Cluster analysis itself is not one specific algorithm, but the general task to be solved. It can be achieved by various algorithms that differ significantly in their notion of what constitutes a cluster and how to efficiently find them. Popular notions of clusters include groups with small distances among the cluster members, dense areas of the data space, intervals or particular statistical distributions. Clustering can therefore be formulated as a multi-objective optimization problem. The appropriate clustering algorithm and parameter settings (including values such as the distance function to use, a density threshold or the number of expected clusters) depend on the individual data set and intended use of the results. Cluster analysis as such is not an automatic task, but an iterative process of knowledge discovery or interactive multi-objective optimization that involves trial and failure. It will often be necessary to modify data preprocessing and model parameters until the result achieves the desired properties.
Besides the term clustering, there are a number of terms with similar meanings, including automatic classification, numerical taxonomy, botryology (from Greek βότρυς “grape”) and typological analysis. The subtle differences are often in the usage of the results: while in data mining, the resulting groups are the matter of interest, in automatic classification the resulting discriminative power is of interest.
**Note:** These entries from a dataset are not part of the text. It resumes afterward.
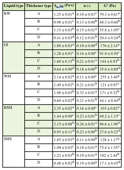 Table 3 Magnitudes of apparent viscosity (ηa,50) and flow behavior index (n) of thickened liquids prepared with different thickeners to achieve a pudding-like thickness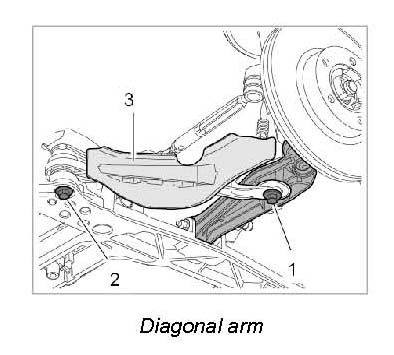 Loosen threaded joint -2- connecting diagonal arm to body through the opening (bore) in the underbody panel.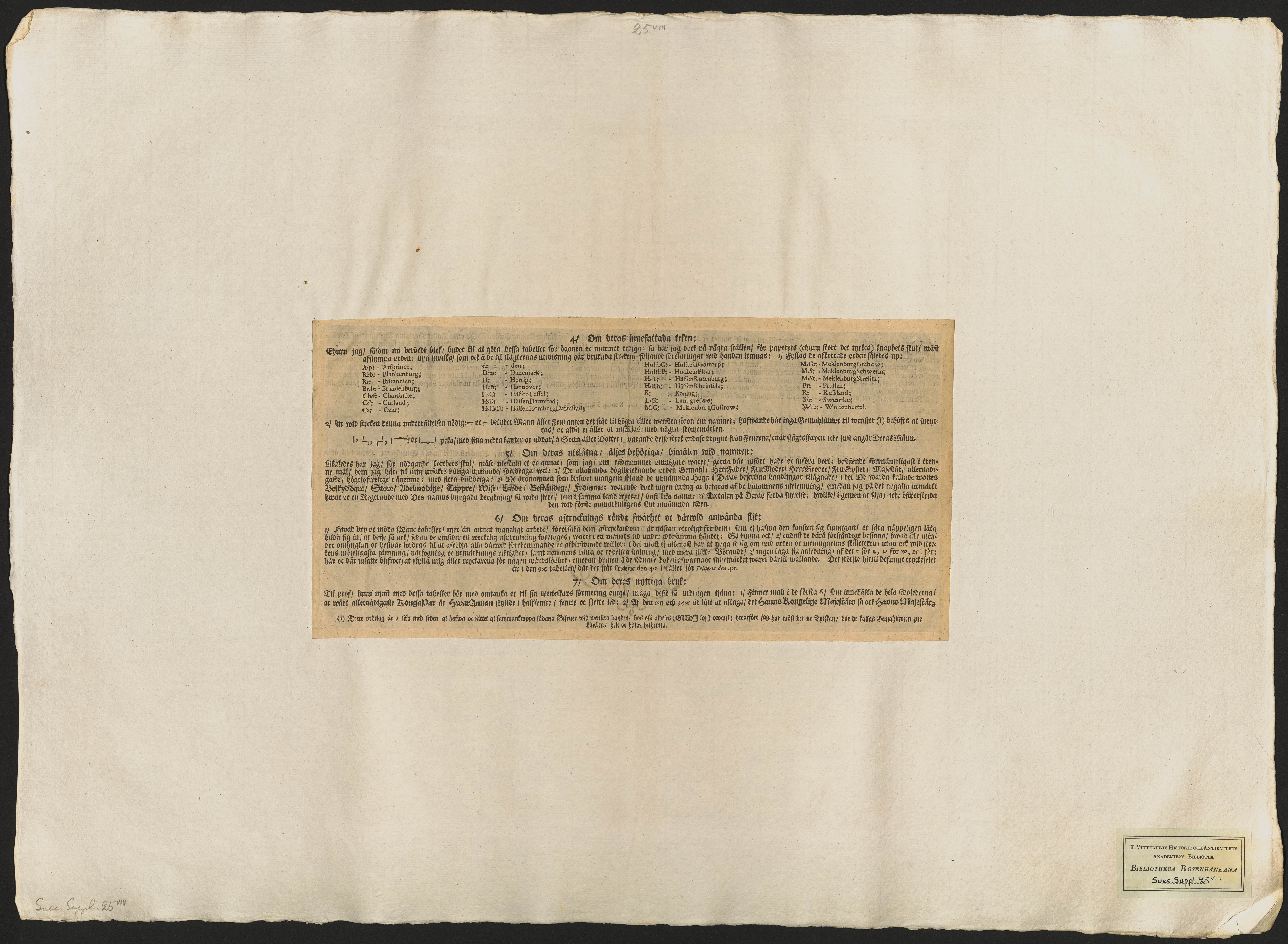 Beskrivning: 2 grafiska bl. : Dubbelsidig i passepartout. Baksidan som är onumrerad utgör sista sidan i verket.

This often leads to misunderstandings between researchers coming from the fields of data mining and machine learning, since they use the same terms and often the same algorithms, but have different goals.
According to Vladimir Estivill-Castro, the notion of a “cluster” cannot be precisely defined, which is one of the reasons why there are so many clustering algorithms. There is a common denominator: a group of data objects. However, different researchers employ different cluster models, and for each of these cluster models again different algorithms can be given. The notion of a cluster, as found by different algorithms, varies significantly in its properties. Understanding these “cluster models” is key to understanding the differences between the various algorithms. Typical cluster models include
- Connectivity models: for example hierarchical clustering builds models based on distance connectivity.
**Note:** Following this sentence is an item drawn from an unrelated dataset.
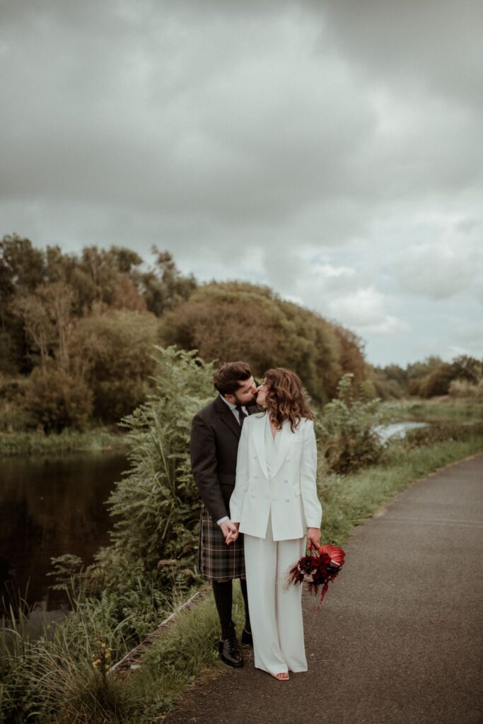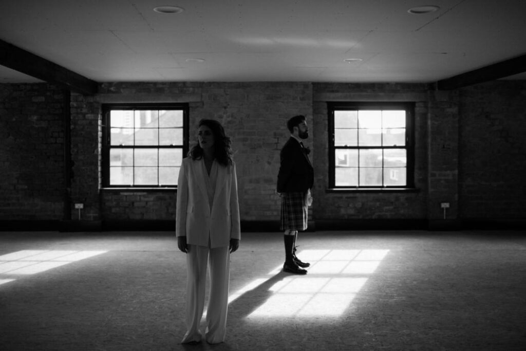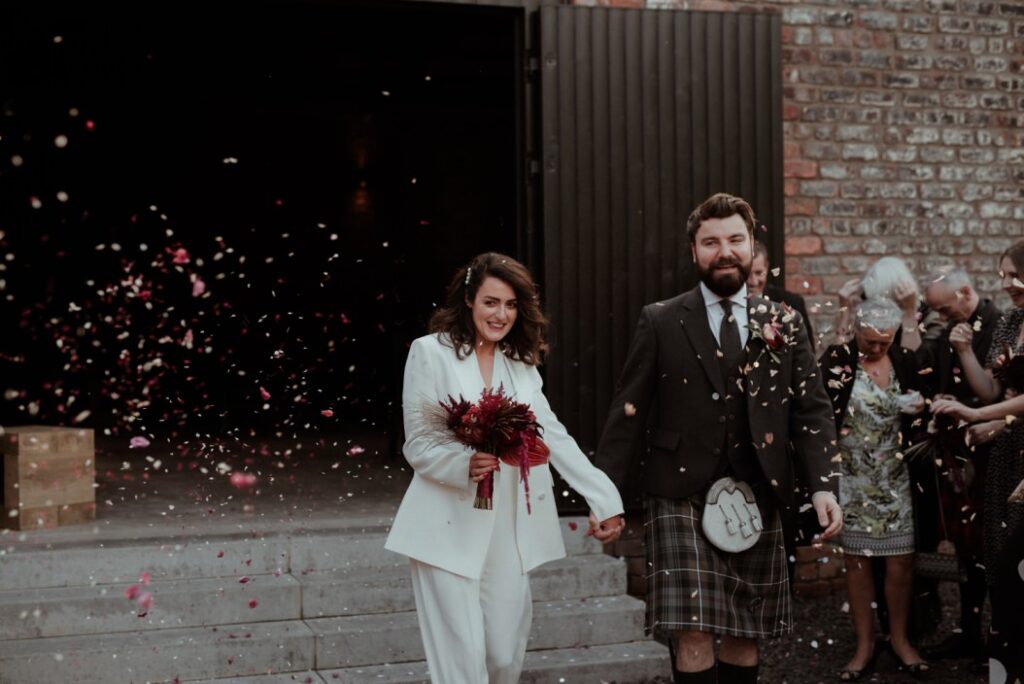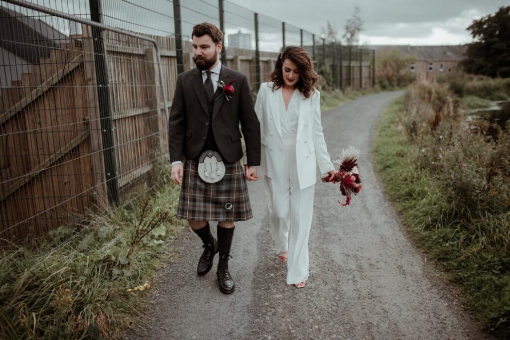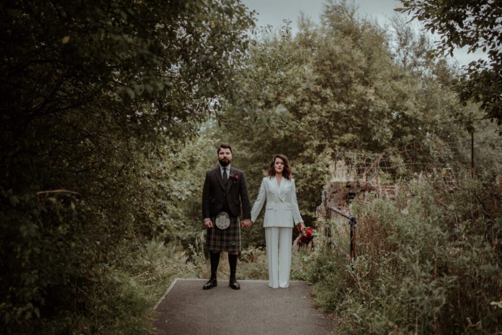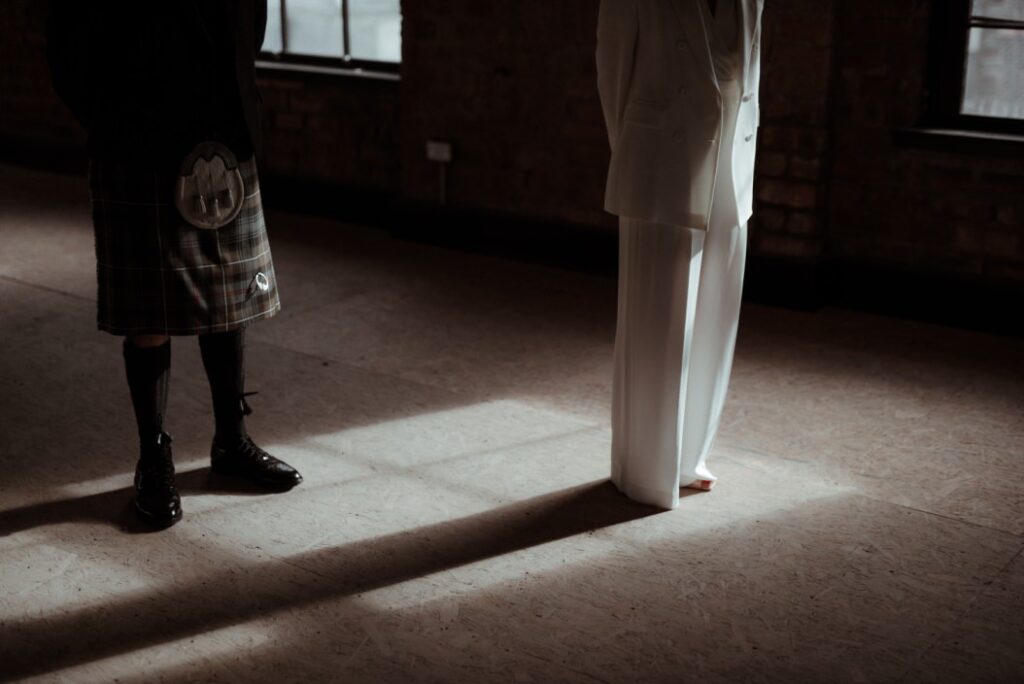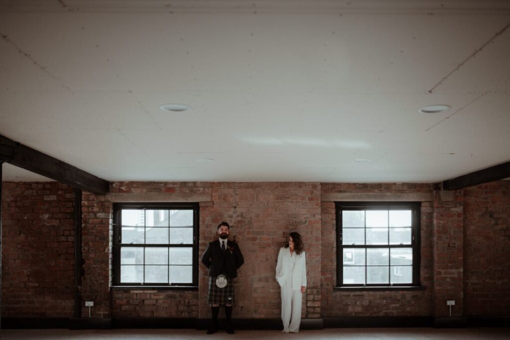 Hey there, lovebirds! Are you ready to embark on an extraordinary journey of love in the heart of Glasgow? If you’re searching for a Glasgow wedding photographer who can capture the essence of your low-key, urban wedding, look no further! I absolutely adore shooting weddings, especially when they’re as stylish and unique as the one I had the pleasure of capturing at the Engine Works in Glasgow. Let me take you on a little journey through this early autumn celebration, where the bride rocked a super chic white suit, and the venue exuded an industrial, New York loft vibe.

- Centroid models: for example the k-means algorithm represents each cluster by a single mean vector.
- Distribution models: clusters are modeled using statistical distributions, such as multivariate normal distributions used by the Expectation-maximization algorithm.
- Density models: for example DBSCAN and OPTICS defines clusters as connected dense regions in the data space.
- Subspace models: in Biclustering (also known as Co-clustering or two-mode-clustering), clusters are modeled with both cluster members and relevant attributes.
- Group models: some algorithms do not provide a refined model for their results and just provide the grouping information.
- Graph-based models: a clique, i.e., a subset of nodes in a graph such that every two nodes in the subset are connected by an edge can be considered as a prototypical form of cluster. Relaxations of the complete connectivity requirement (a fraction of the edges can be missing) are known as quasi-cliques.
A “clustering” is essentially a set of such clusters, usually containing all objects in the data set. Additionally, it may specify the relationship of the clusters to each other, for example a hierarchy of clusters embedded in each other. Clusterings can be roughly distinguished as
- hard clustering: each object belongs to a cluster or not
- soft clustering (also: fuzzy clustering): each object belongs to each cluster to a certain degree (e.g. a likelihood of belonging to the cluster)
There are also finer distinctions possible, for example
- strict partitioning clustering: here each object belongs to exactly one cluster
- strict partitioning clustering with outliers: objects can also belong to no cluster, and are considered outliers.
- overlapping clustering (also: alternative clustering, multi-view clustering): while usually a hard clustering, objects may belong to more than one cluster.
- hierarchical clustering: objects that belong to a child cluster also belong to the parent cluster subspace clustering: while an overlapping clustering, within a uniquely defined subspace, clusters are not expected to overlap.